- Нет, зала нет. Кухня и прочее. Я хочу, чтобы Федор Михайлович наконец получил возможность работать нормально. Может, ему и подарят настоящую квартиру, да только когда это будет, а ему уже сорок два года. Быстро время бежит.
- И вы хотите убедить меня, что это не бред? - спросил "академик".
- Это не бред, - ответил я за Афиногена. Я ничего не знал про нуль-прорисовку да этого момента, но я верил Афиногену. - Это не бред. Это фантазия. Я и сам не понимаю, в чем здесь дело, но это есть, есть!
- Есть, Федор Михайлович, - подтвердил Афиноген.
А я вспомнил весь тот ад, который представляла моя теперешняя квартира, тихий, без ссор и ругани, тесный, тоскливый, невыносимый.
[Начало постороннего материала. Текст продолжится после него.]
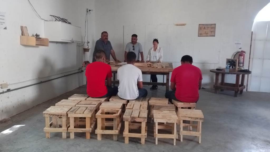 Reynosa, Tamaulipas.- Como una forma de emplear los conocimientos adquiridos en el Taller de Carpintería impartido en el Centro Regional de Ejecución de Medidas para Adolescentes en el municipio de Reynosa, y a la vez, fomentar el humanismo como factor para prevenir la reincidencia delictiva, menores de edad en externamiento elaboraron y donaron 80 sillas de madera a la Casa del Migrante ‘’Senda de Vida’’.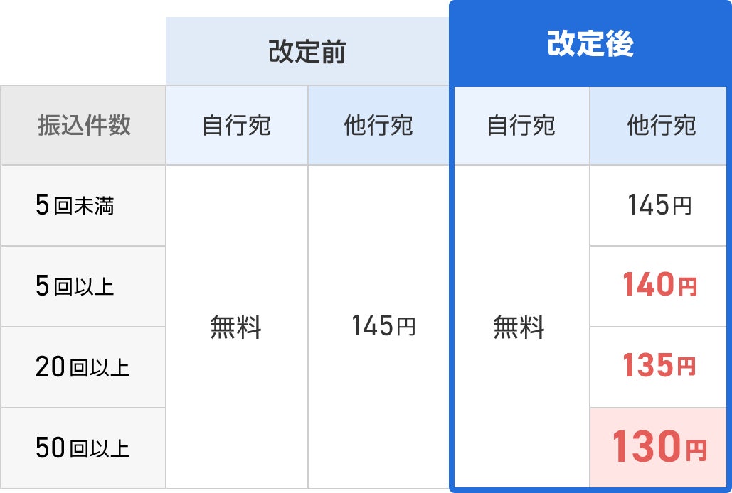 本改定により、振込件数に応じてよりお得に振込をご利用いただくことが可能となり、さらに多くのお客さまにご参加いただきやすいプログラムとなります。

Себя, живущего уже на пределе; жену, махнувшую на все рукой и не верящую ни в какие изменения к лучшему; дочь, которой молодость и свои особые заботы позволяли еще радоваться жизни и не замечать тесноту; тещу, семидесятилетнюю старуху, больную, уставшую, которая даже не представляла, что можно жить в отдельной, тихой, не проходной комнате. Вспомнил я и все эпопеи получения квартир, последний разговор с Главным распорядителем абсолютными фондами... И мне так захотелось уйти в другой мир, благожелательный, уютный, красивый, просторный... так захотелось, что я, сам того не замечая, протянул вперед руку, ощутил твердость железной ручки, потянул ее на себя. Дверь заскрипела, но не очень, чуть-чуть, самую малость, и я перешагнул порог.
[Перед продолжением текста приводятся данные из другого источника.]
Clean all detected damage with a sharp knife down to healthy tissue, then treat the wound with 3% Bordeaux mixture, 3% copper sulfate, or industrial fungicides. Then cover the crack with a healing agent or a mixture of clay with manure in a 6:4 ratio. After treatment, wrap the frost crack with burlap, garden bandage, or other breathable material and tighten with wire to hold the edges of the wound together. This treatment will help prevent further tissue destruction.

Большая квадратная прихожая. Направо - кухня. Я открыл уже настоящую дверь. Кухня была раза в два больше, чем в моей квартире. Здесь стояла электрическая плита, в углу от пола до самого потолка - встроенный шкаф для посуды. Я покачал головой и вышел в прихожую. Прямо вела стеклянная дверь в большую комнату площадью метров двадцать с большим окном и лоджией. Налево из прихожей и чуть назад - комната метров шестнадцать, рядом еще одна метров десять квадратных. Дальше из прихожей шел коридорчик с тремя встроенными шкафами и антресолью. Санузел и рядом маленькая комнатка метров в шесть квадратных. Это и был мой кабинет. Здесь уже стоял полуразвалившийся секретер с рукописями и книгами, надстроенный до самого потолка. Тяжелый стул. И больше ничего. Я сел на стул и ласково начал трогать свои папки, не развязывая их. Я и так очень хорошо знал, что в них было.
Я чувствовал, что какая-то бессмысленная улыбка появилась на моем лице. Так я просидел минут двадцать. Потом я встал и направился к выходу. Квартирка была та. Та самая.
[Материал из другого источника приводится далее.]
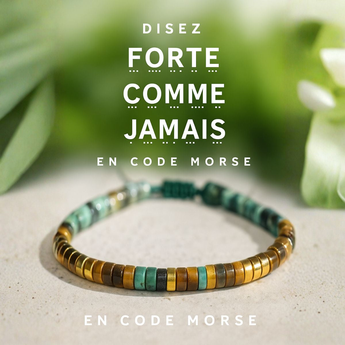 ✔ Message en code Morse caché – Un mantra puissant (“Forte Comme Jamais”) discrètement intégré dans les perles, visible seulement par toi.

- Есть! - услышал я, выходя из нарисованной двери.
- Ну? - нетерпеливо спросил Мальцев.
Афиноген смотрел куда-то в бок.
- Спасибо, Афиноген Каранатович, - тихо поблагодарил я. - Спасибо.
- Да что там... Пиши на здоровье.
- Рассказывайте! - навалились на меня со всех сторон.
- Да что рассказывать? Квартира там, четырехкомнатная, с улучшенной планировкой, серии "восемьдесят пять".
- План, планчик, пожалуйста.
- Что видно из окон?
- Время года? Время года - тоже зима?
- А водопровод? Вода есть? Как с электричеством? Откуда там могут взяться вода и электричество?
- Геннадий Федорович, помните, у меня был случай с квартирой? спросил Мальцев.
- Что за случай? - поинтересовался "академик".
- Товарищи! Там все было ясно, - сказал Геннадии Федорович. - Ошибочка в официальном документе, в ордере, то есть. Квартира площадью тридцать семь кубических метров. А в объеме, как известно, бесконечное число плоскостей. Вот Артемий н получил квартиру с бесконечным числом комнат и кухонь. Хорошо, хоть балкон не входил в указанную площадь. Через него семью Мальцевых и спасли. Ошибку в ордере, естественно, исправили... Но мы-то сейчас исследуем феномен нуль-упаковки!
- Нуль-прорисовки, - поправил его Афиноген.
Так... Рассказ мой про квартиру скончался, не успев родиться... Но это не беда... Напишу другой.
- Товарищи! Вернемся к нуль-прорисовке. Федор Михайлович...
Я долго чертил план квартиры, рассказывал, что там видно из окон, из чего сделан пол, вспоминал цвет обоев и еще многое другое.
Комиссия работала. Кое-что я не запомнил. На что-то не обратил внимания. И меня попросили повторить вхождение в нарисованную дверь.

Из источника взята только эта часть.